Internal structure: OggS page headers containing Vorbis identification, comment, and setup headers, followed by compressed audio frames. The Vorbis comment header can carry arbitrary key-value metadata tags.
What we found: In sample libraries, the Vorbis comment field contains only the encoder identification string (e.g., “Xiph.Org libVorbis I 20120203 (Omnipresent)”). No user-authored metadata, tags, or references are present. These files are generated by Kontakt’s batch compression tooling and are not individually authored.
Why no extractor: The only metadata present (encoder string) is identical across all files in a library and carries no lineage value. The files are raw sample data consumed by Kontakt instruments — their lineage relationship is captured by the NKI extractor’s sample path references, not by metadata within the OGG files themselves.
What Atlas records: Hash, path, name, file size, modification time.
Kontakt Monolith Compressed (.mwc) — 107,840 files
What it is: Native Instruments’ proprietary lossless compressed audio format. MWC1 magic header followed by PLP1 compressed audio data. Used inside Kontakt monolith containers for sample storage.
Internal structure: A 16-byte header containing format version, channel count, and sample rate, followed by PLP1-compressed audio frames. No metadata fields, no embedded references, no text content.

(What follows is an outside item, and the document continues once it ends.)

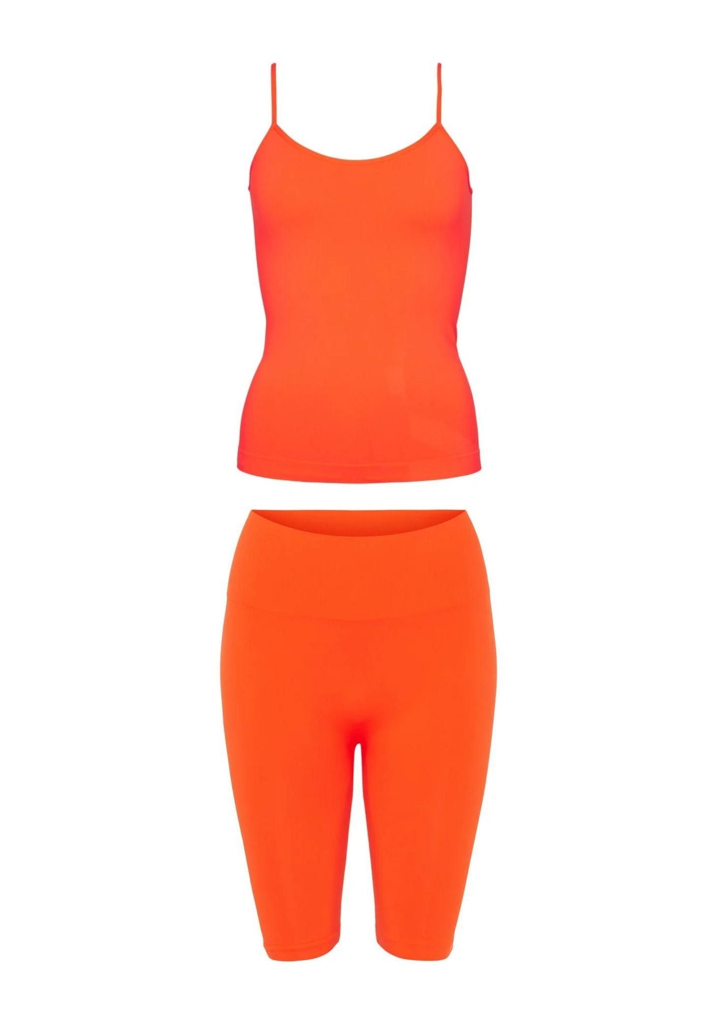 Fin top med tynde stropper + cykelshorts fra Tim&Simonsen.
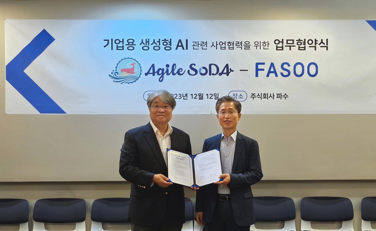 [아이티데일리] 주식회사 파수(대표 조규곤)는 애자일소다(대표 최대우)와 지난 12일 서울 마포구 파수 본사에서 ‘기업용 생성형AI 관련 사업협력을 위한 업무협약(MOU)’을 체결, 기업용 AI 시장 선점에 나선다고 밝혔다.

What we found: Pure compressed audio data. The header contains only the minimum information needed for playback (sample rate: 48000 Hz, channel count: 2). File names are content-addressed hashes (e.g., 61e4e33801c3...8c.mwc), indicating these are generated artifacts with no human-authored identity.

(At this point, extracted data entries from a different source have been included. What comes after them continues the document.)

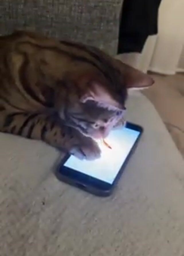 - "A Bengal cat is lying on a gray blanket and interacting with a smartphone" by FM-KTJV22, licensed under CC BY 4.0
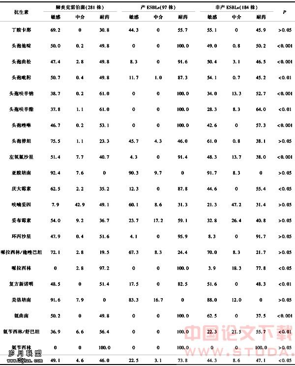 注:P值为产ESBLs与非产ESBLs肺炎克雷伯菌之间的耐药率比较
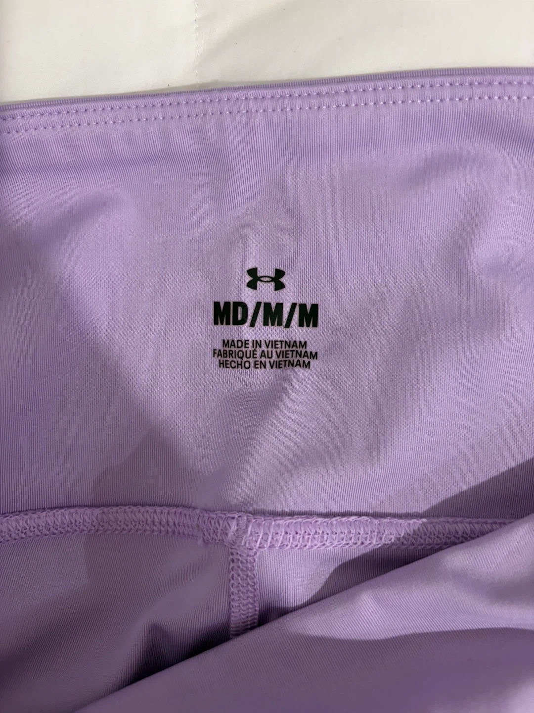 These Under Armour athletic leggings are a lovely shade of purple. They're a size medium (MD/M). Made in Vietnam.
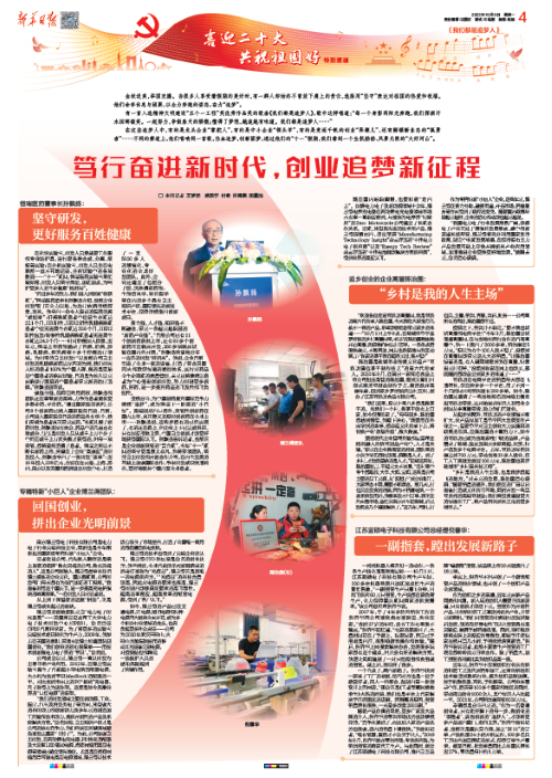 10月3日(ri),新華日(ri)報“喜迎二十大(da) 共祝祖國(guo)好”特別(bie)報道刊發(fa)(fa)《篤行奮(fen)進新時(shi)代,創業(ye)追夢新征程(cheng)》,重點關(guan)注(zhu)恒瑞(rui)(rui)醫(yi)藥(yao)等企業(ye)的發(fa)(fa)展(zhan)成果和奮(fen)斗(dou)愿(yuan)景(jing),并(bing)采訪了恒瑞(rui)(rui)醫(yi)藥(yao)董事長孫飄揚。現將相關(guan)內容選登。

Why no extractor: Opaque binary audio with no metadata beyond playback parameters. The content-addressed filenames confirm these are internal artifacts of the Kontakt monolith system, not user-facing files. Sample rate and channel count could theoretically be extracted from the header, but the information has minimal lineage value for auto-generated sample data.
What Atlas records: Hash, path, name, file size, modification time.
Kontakt Automation (.nka) — 39,895 files
What it is: Kontakt automation data files containing parameter modulation curves and mapping data. Plain text format starting with %0nofb marker.
Internal structure: Newline-delimited numeric values representing automation points, modulation depths, curve shapes, and parameter mappings. Fields include MIDI note ranges, velocity values, modulation amounts, and timing data.
What we found: Structured numeric data with no file references, no metadata tags, and no human-readable content beyond the numeric values. The format appears to be a serialized automation curve or modulation matrix.
Why no extractor: The data is purely numeric parameter state — modulation curves, velocity mappings, and automation points. There are no references to external files, no authorship information, and no categorization metadata. The meaning of individual values is context-dependent on the parent NKI instrument.
What Atlas records: Hash, path, name, file size, modification time.
Standard MIDI (.mid) — 25,221 files
What it is: Standard MIDI File format containing musical performance data. MThd header followed by MTrk track chunks containing note events, control changes, and meta events.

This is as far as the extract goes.